In this post’s series, I’m introducing multilingual fine-tuning in Hugging Face.
Especially, some languages, such like Japanese, Korean, and Chinese, don’t have an explicit whitespace tokenization, and we need to consider several things for language processing.
In this second post, I’ll show you multilingual (Japanese) example for text summarization (sequence-to-sequence task).

Hugging Face multilingual fine-tuning (series of posts)

Here I’ll focus on Japanese language, but you can perform fine-tuning in the same way, also in other languages.

mT5 (multilingual T5 model)

In text summarization, new text will be generated from input text by encoder-decoder architecture.
Unlike previous classification example, encoder-decoder transformers – such as, GPT-2, T5, or BART (not plain BERT) – are then preferred in these sequence-to-sequence (seq2seq) tasks.
In this example, we then fine-tune using mT5 model, which is the multilingual version of T5.

Note : If you’re new to language modeling in deep learning, see these tutorials for fundamental architectures (such as, language model, encoder-decoder, attentions, and transformers).

Originally T5 is based on a study of transfer learning in NLP and it then has ability to perform multiple tasks in a single model – such as, translation, linguistic acceptability (CoLA), semantic similarity (STSB), summarization, correction, etc.
For instance, when you want to summarize text with pre-trained T5 model, the format of input (source text) should be “summarize:<TEXT>”. For translation from English to German, it should be “translate English to German:<TEXT>”. (See below.)

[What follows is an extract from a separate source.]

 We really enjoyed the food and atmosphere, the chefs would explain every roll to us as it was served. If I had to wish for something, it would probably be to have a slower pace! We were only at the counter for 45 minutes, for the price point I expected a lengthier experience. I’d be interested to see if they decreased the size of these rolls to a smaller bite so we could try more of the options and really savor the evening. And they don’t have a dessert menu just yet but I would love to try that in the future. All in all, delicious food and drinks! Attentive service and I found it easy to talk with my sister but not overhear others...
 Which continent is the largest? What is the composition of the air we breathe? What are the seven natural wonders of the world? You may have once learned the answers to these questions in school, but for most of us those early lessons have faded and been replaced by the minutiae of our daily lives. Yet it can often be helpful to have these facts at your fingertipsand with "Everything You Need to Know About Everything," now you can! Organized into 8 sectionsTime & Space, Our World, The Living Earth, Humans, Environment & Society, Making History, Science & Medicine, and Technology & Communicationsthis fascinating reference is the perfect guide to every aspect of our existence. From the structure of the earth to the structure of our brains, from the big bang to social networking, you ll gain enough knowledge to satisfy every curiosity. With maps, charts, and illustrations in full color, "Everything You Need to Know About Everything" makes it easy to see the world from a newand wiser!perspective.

(FROM “Exploring the Limits of Transfer Learning with a Unified Text-to-Text Transformer“)

The pre-trained T5 in Hugging Face is also trained on the mixture of unsupervised training (which is trained by reconstructing the masked sentence) and task-specific training.
Hence, using pre-trained T5, you can soon perform summarization without fine-tuning.

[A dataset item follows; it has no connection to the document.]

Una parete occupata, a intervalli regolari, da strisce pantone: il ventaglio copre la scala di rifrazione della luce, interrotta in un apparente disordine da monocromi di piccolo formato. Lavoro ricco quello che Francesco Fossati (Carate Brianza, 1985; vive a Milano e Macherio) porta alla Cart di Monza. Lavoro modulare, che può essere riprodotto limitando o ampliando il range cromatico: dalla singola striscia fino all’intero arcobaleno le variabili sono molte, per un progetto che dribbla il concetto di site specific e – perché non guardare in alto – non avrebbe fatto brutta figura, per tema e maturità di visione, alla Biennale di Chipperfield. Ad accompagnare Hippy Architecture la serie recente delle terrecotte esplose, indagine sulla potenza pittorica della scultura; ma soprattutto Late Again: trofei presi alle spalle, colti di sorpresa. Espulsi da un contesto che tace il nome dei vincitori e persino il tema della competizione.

However, mT5 is pre-trained only by unsupervised manner with multiple languages, and it’s not trained for specific downstream tasks. To dare say, this pre-trained model has ability to build correct text in Japanese, but it doesn’t have any ability for specific tasks, such as, summarization, correction, machine translation, etc.
Therefore we should train (fine-tune) this model for downstream tasks, and here I’ll train using dataset for summarization in Japanese.

Note : You can also use other models (other encoder-decoder transformers) for multilingual summarization.
For popular languages (such as, English, French, German, etc), you can use facebook/bart-large-cnn which is trained by using CNN/DailyMail dataset (in dataset, which has articles and summaries), and you can fine-tune with other (custom) dataset.
Pegasus model remarks high metrics for summarization, but we can’t use it because Pegasus in Hugging Face is not trained for multilingual corpus.
You can also use multilingual BLOOM model to generate sequence of tokens for a variety of languages, but I also didn’t use it, because currently BLOOM in Hugging Face isn’t trained in Japanese language.
For pre-trained Japanese model, you might also be able to use GPT-2 model provided by rinna Co., Ltd.
Note : In this example, I will fine-tune for only summarization task, but you can also train for multiple tasks in a single mT5 model (by using inputs with prefix string).

Set up Environment

In this example, I have used GPU instance with Ubuntu Server 20.04 LTS image in Microsoft Azure.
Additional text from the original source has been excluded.